Thursday, September 22, 2011

Be Careful What You Wish For



The second blessing God gave us came in the form of my job.

When we moved, I gave myself a couple of weeks to settle in and figure out what I wanted to do.  But when the time came to get a job, it roared into town with a fury!

All of a sudden, I didn’t want a job, I needed a job.  What was I doing all day?  Why did I suddenly become so boring? Where is my life going? What if I forget how to talk to people? HowlongbeforeIbecomeacrazycatlady?? I was bored and lonely and needed desperately to get out of the house.  So the search began.

But not so fast, I had a couple of problems.

Problem #1- Hubby and I share a car.  He has a full-time job which he uses said car to get to.  Me=carless. Therefore, I needed a job that was either within walking distance or on the way to his job with magical hours that perfectly coincide with his.

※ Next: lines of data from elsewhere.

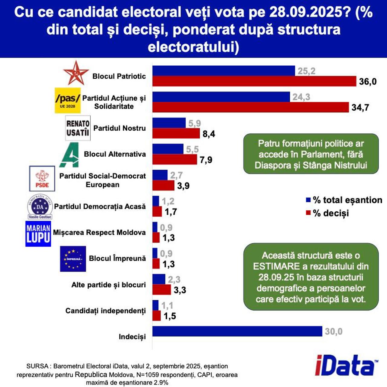 Potrivit cercetării, Blocul Electoral Patriotic al Socialiștilor, Comuniștilor, Inima și Viitorul Moldovei ar acumula 25,2% din voturi, fiind urmat de Partidul Acțiune și Solidaritate (PAS), cu 24,3%.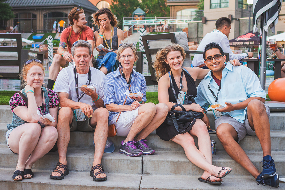 (L–R) Hannah Martineau, Phil, Deborah Byrns, Liz Kiger and Antonio Paramo have to take a seat on the steps of The Gateway’s fountain to help the unending supply of food settle. Photo: Talyn Sherer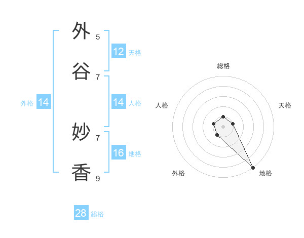 外谷 妙香さんを姓名の画数から五運を鑑定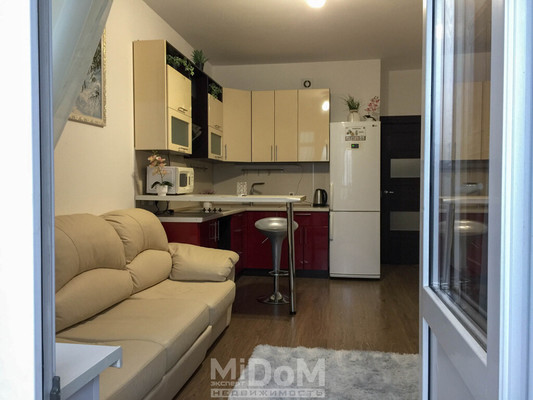 КВАРТИРА: 16 этаж, окна на юго-восток. В теплое время года (май-август) в квартире светло и солнечно, но не жарко благодаря лоджии. Комната полностью оснащена и как спальня и место для отдыха. Диван на фото будет заменён перед заездом на новый, есть большой шкаф, кухонный гарнитур, барная стойка, барный стул. К комнате примыкает просторная лоджия со стеллажом и шкафом. Кухня оснащена необходимой для проживания техникой. Микроволновая печь. Ванная оборудована стиральной машиной. В прихожей шкаф и вешалка для одежды.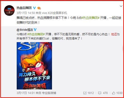 而炫迈和《热血街舞团》是有合作的,两大官博还在微博上互动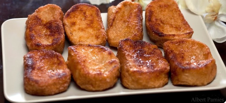11. Cuando acabe el tiempo programado, desenvuelva las torrijas con cuidado y rebócelas en la mezcla de azúcar y canela.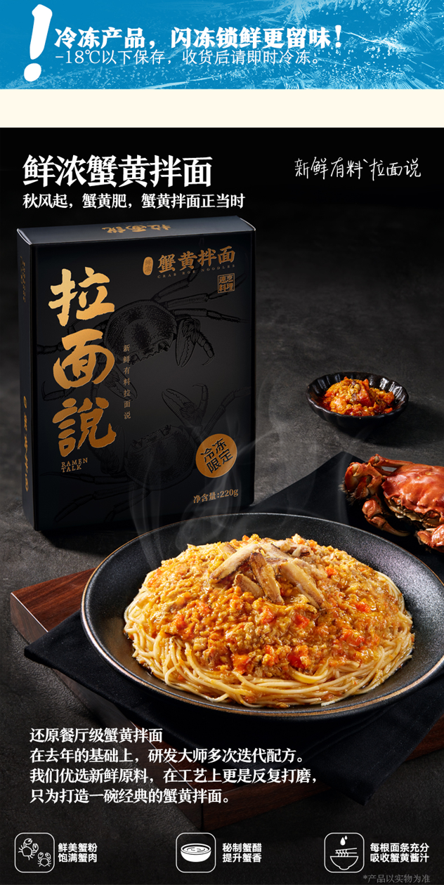 这款拉面说 蟹黄拌面,在去年的基础上,研发大师多次迭代配方,在工艺上更是反复打磨,每包蟹酱,蟹黄含量约等于1只2两母蟹,蟹粉绵密醇香、蟹肉甜嫩酥软。

Problem#2- I haven’t the slightest idea what to do with my life.  I got a degree in early childhood education because I really like hanging out with kids. I discovered, however, that I do not enjoy teaching them.  They are much more fun to hang out with than to teach.

So Google and I became very good friends.  Monster.com and careerbuilder.com were invited to the party as well.  I prayed and prayed and prayed over this (thus far nonexistent) job.  I prayed very specifically (which I rarely do) that whatever God wanted me to do, he would open the doors, because I hadn’t the slightest clue. Even MORE specifically, I prayed that if he didn’t want me to get the job, I wouldn’t even get an interview.

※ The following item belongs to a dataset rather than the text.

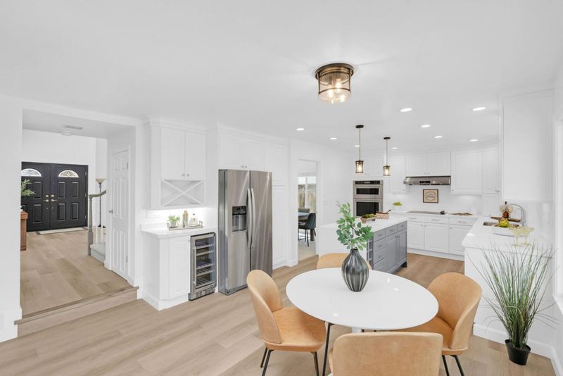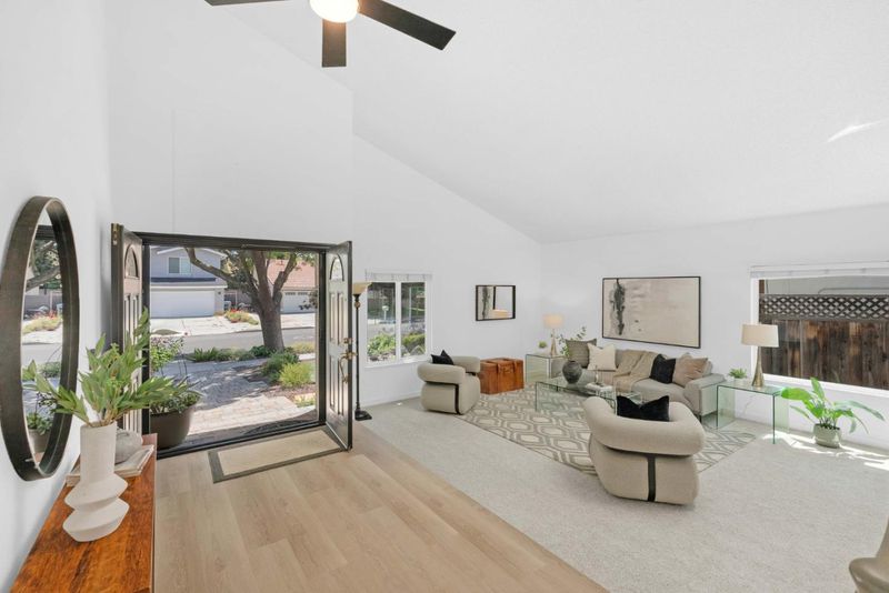 Rare East-facing home with a 3-car garage, remodeled kitchen, and professionally designed landscaping, ideally situated on a quiet cul-de-sac in Blossom Valley's scenic foothills. Soaring ceilings and abundant natural light create an airy, inviting feel, complemented by updated flooring and a seamless flow throughout. The remodeled kitchen is the true centerpiece, featuring crisp white cabinetry, quartz countertops, a spacious island, and an open layout that connects effortlessly to the dining area and breakfast nook. Designed for both everyday living and entertaining, the main living spaces feel connected yet comfortable, with large windows framing peaceful hill views. The outdoor space offers a covered patio and an inviting setting to relax or host. Additional upgrades including reverse osmosis, whole-home water filtration, and a water softener enhance everyday living. Ideally located near parks, shopping, dining, commuter routes, and a nearby golf course, this home offers a rare balance of tranquility and convenience.

In my floundering, I turned where most directionless recent-grads turn: Starbucks.  There were two within walking distance, I worked in food service for many years, and I really do like the coffee shop atmosphere.  I applied, feeling pretty confident (here’s where that college degree pays off *nudge nudge*), and mentally gave myself a week to hear back from them.

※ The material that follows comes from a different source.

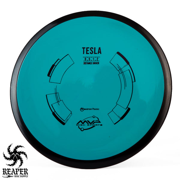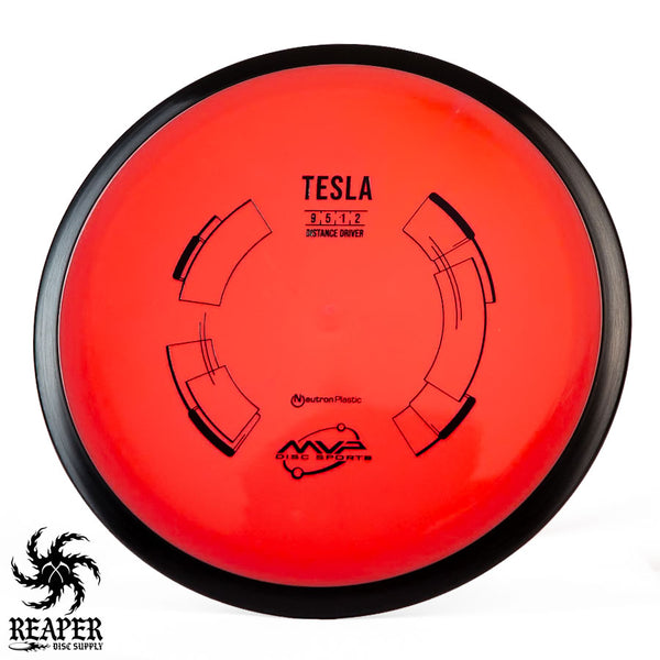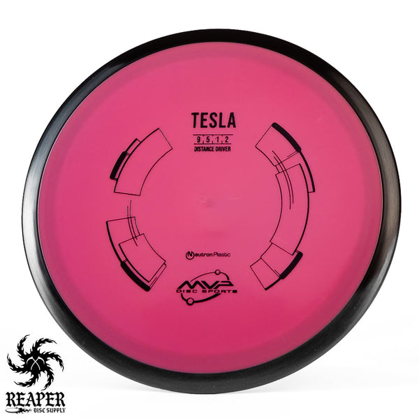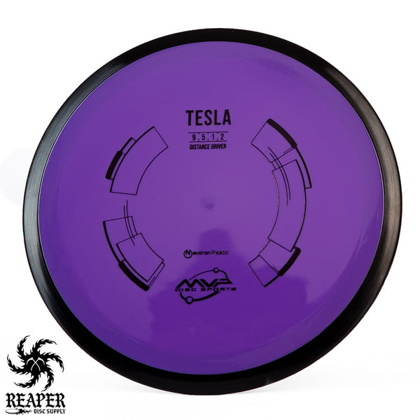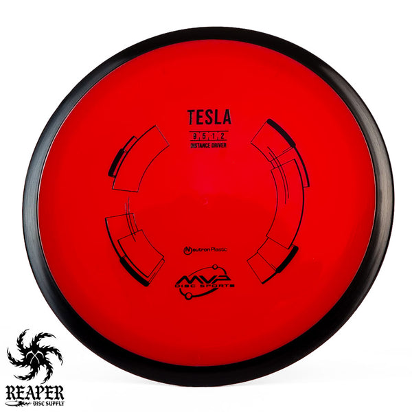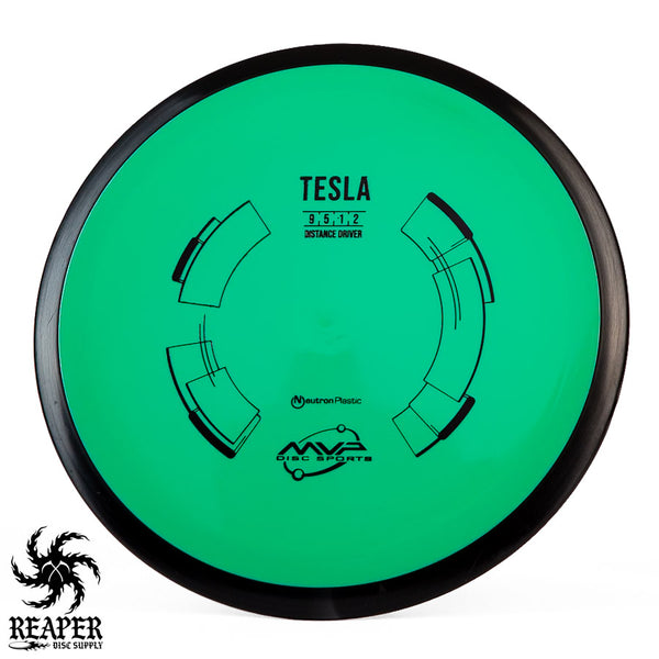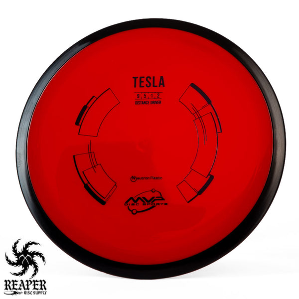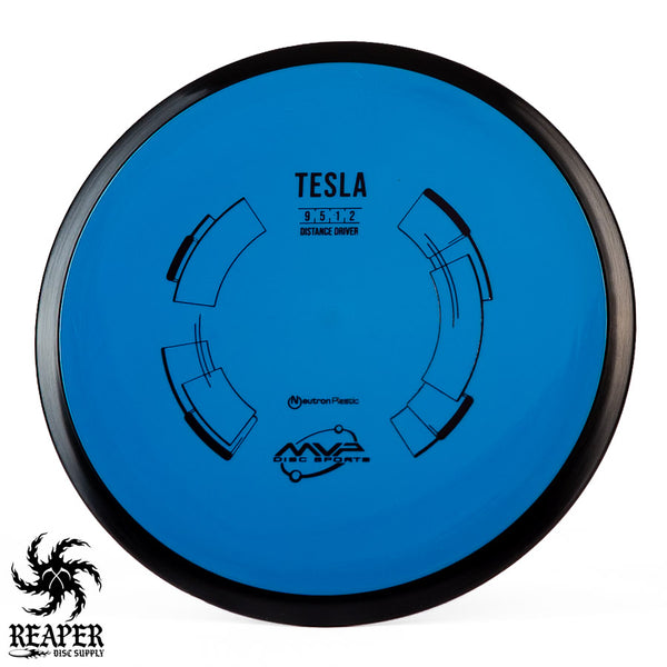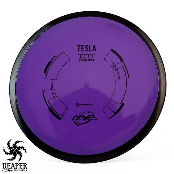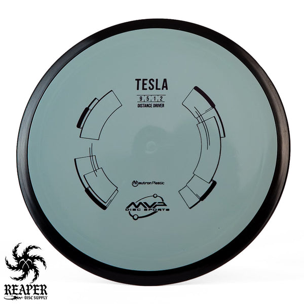 The MVP Neutron Tesla is a stable disc golf driver made with premium grippy plastic. Neutron plastic not only is extremely durable; it also feels great in the hand.

A week came and went, and nothin’.  So what’s a stir-crazy housewife with no kids and barely any “house” to do?

Sulk.  That’s what.  But all the pouting in the world didn’t give me a job, so back to the drawing table, friends.

(There really is a blessing in all this.  I’ll get to it next time.  If you’re going to stick around, you may as well know that I don’t know how to make a long story short, but boy oh boy do I know how to make a short story long.  Need proof?  Look how long this parenthetical paragraph is.)